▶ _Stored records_
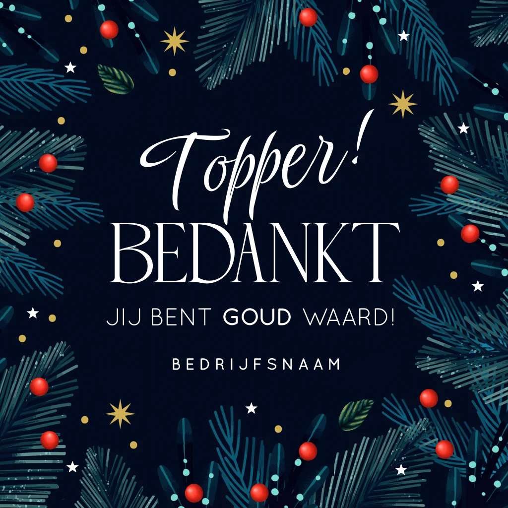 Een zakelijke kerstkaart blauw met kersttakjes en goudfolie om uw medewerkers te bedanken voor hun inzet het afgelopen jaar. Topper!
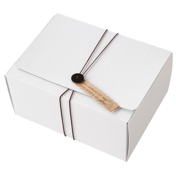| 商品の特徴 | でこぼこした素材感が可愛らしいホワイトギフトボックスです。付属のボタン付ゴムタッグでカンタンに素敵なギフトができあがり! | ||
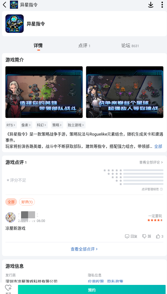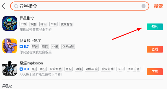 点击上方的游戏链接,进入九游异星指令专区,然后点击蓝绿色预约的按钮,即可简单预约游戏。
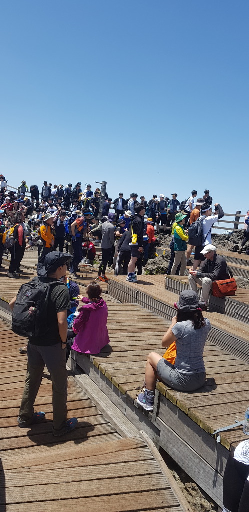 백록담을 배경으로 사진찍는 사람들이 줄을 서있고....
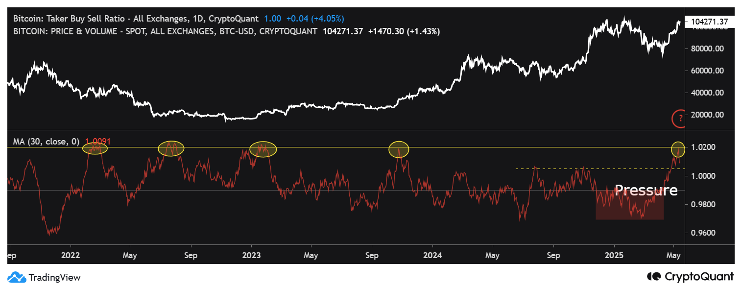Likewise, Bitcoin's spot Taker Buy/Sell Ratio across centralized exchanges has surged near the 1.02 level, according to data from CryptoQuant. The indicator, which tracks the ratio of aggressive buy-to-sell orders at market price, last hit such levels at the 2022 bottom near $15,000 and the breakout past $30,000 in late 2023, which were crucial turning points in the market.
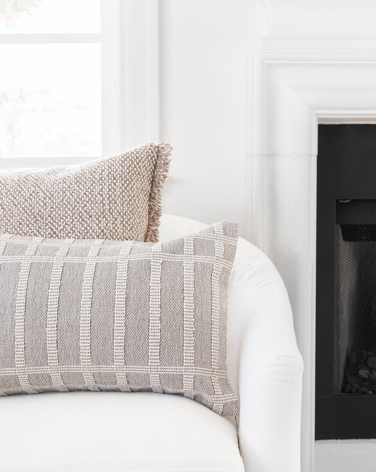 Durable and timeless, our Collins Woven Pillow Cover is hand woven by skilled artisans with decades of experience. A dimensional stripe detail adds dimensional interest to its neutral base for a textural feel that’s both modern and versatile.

▶ _Task requirements_
What is needed is an exact copy of only the lines above from the one with "点击上方的游戏链接,进入九游" to the one with "백록담을 배경으로 사진찍는 사람들이 줄을 서있고....", both kept, with every picture left out.

▶ _Exercise result_
 点击上方的游戏链接,进入九游异星指令专区,然后点击蓝绿色预约的按钮,即可简单预约游戏。
 백록담을 배경으로 사진찍는 사람들이 줄을 서있고....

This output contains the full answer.